All of the options described here have implications for a PE firm’s operating model, especially in terms of retaining talent, communicating an adjacency play to LPs, avoiding cannibalization of the firm’s traditional buyout funds and sorting out which deal belongs in which bucket.
The new wave of adjacencies aim to stay closer to the core
Key questions for GPs
It is too early to tell how much capital these vehicles will attract, or the level of returns they will generate. Still, for PE funds aiming to expand their hunting ground without straying too far from their core, they are viable options worth considering. Success will likely flow from careful assessment of three factors: Does the opportunity leverage existing capabilities? Can these adjacencies deliver good returns? And can we scale up the platform or product?
The first wave of adjacencies worked for a subset of investors that figured out how to overcome the challenges of new asset classes, but many firms proved less successful. Learning from this experience, GPs need to thoroughly assess not only the attractiveness of the opportunity but also their ability to compete. And there must be a strong strategic rationale for expansion, convincingly communicated to LPs so that they don’t perceive expansion as drifting strategy. Only a rigorous review of a GP’s strengths from a strategy perspective can unlock the right moves. This second wave of adjacencies is a more disciplined attempt to stay closer to core capabilities, creating products that LPs want and GPs can execute on with higher odds of success.
With this in mind, GPs committed to adjacency expansion should ask themselves a few key questions:
- Do we have the resident capabilities to execute well on this product today, or can we add them easily?
- Does the asset class leverage our cost structure?
- Do our customers—our LPs—want these new products?

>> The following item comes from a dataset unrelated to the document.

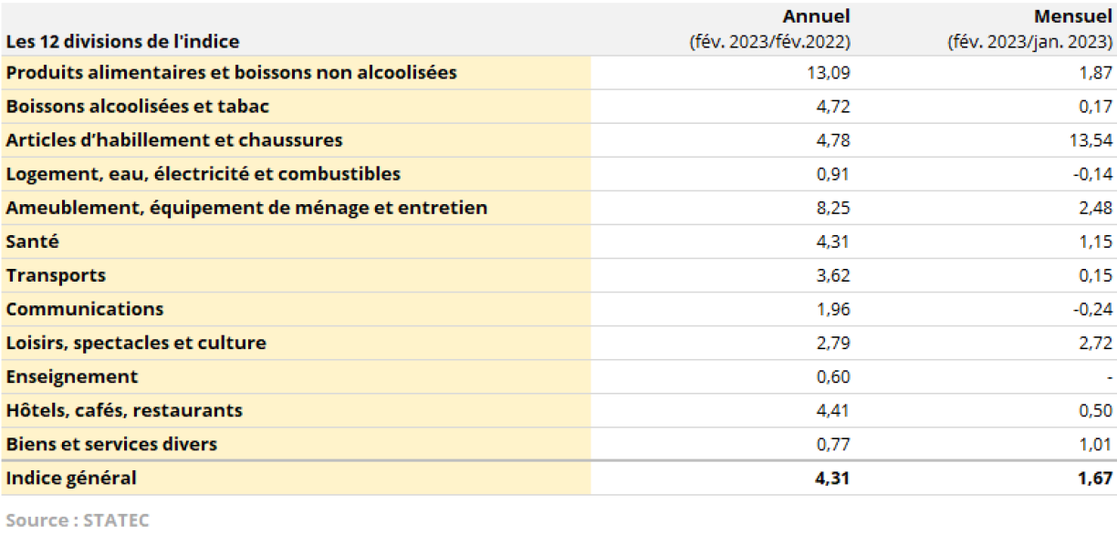 Over a one-year period, food prices increased by 13%. Furniture as well as household goods and routine household maintenance equipment also rose substantially by 8.25%.

- Can we provide the products through the same channels?
- Have we set appropriate expectations for the expansion, both for returns and for investments?

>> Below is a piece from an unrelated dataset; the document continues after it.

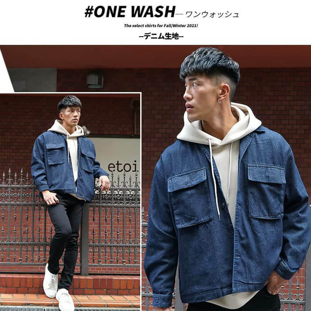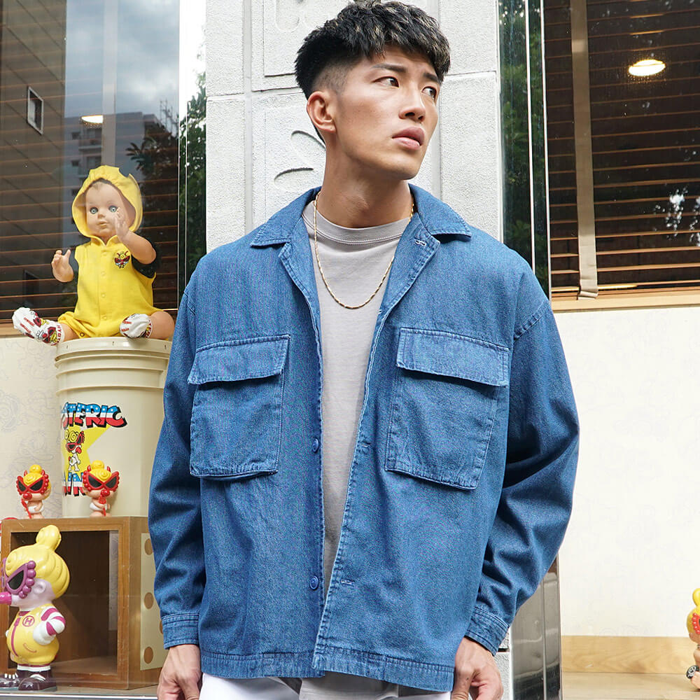 ゆったりとしたシルエットが特徴のオーバーサイズタイプのシャツジャケットの一種で、アウターのように羽織って着ることが出来る、ゆったりしたシルエットのシャツのことです。一般的には胸に大きなフラップポケットがついているのが特徴です。

Clear-eyed answers to these questions will determine whether, and which, adjacencies make sense. The past failures and retrenchments serve as a reminder that investing too far afield risks distracting GPs from their core buyout funds. Instead, a repeatable model consists of understanding which strengths a fund can export and thoughtfully mapping those strengths to the right opportunities (see Figure 2.16). Adjacency expansion will remain a popular tack among funds looking for alternative routes to put their capital to work. Funds that leverage their strengths in a disciplined, structured way stand the best chance of reaping healthy profits from expansion.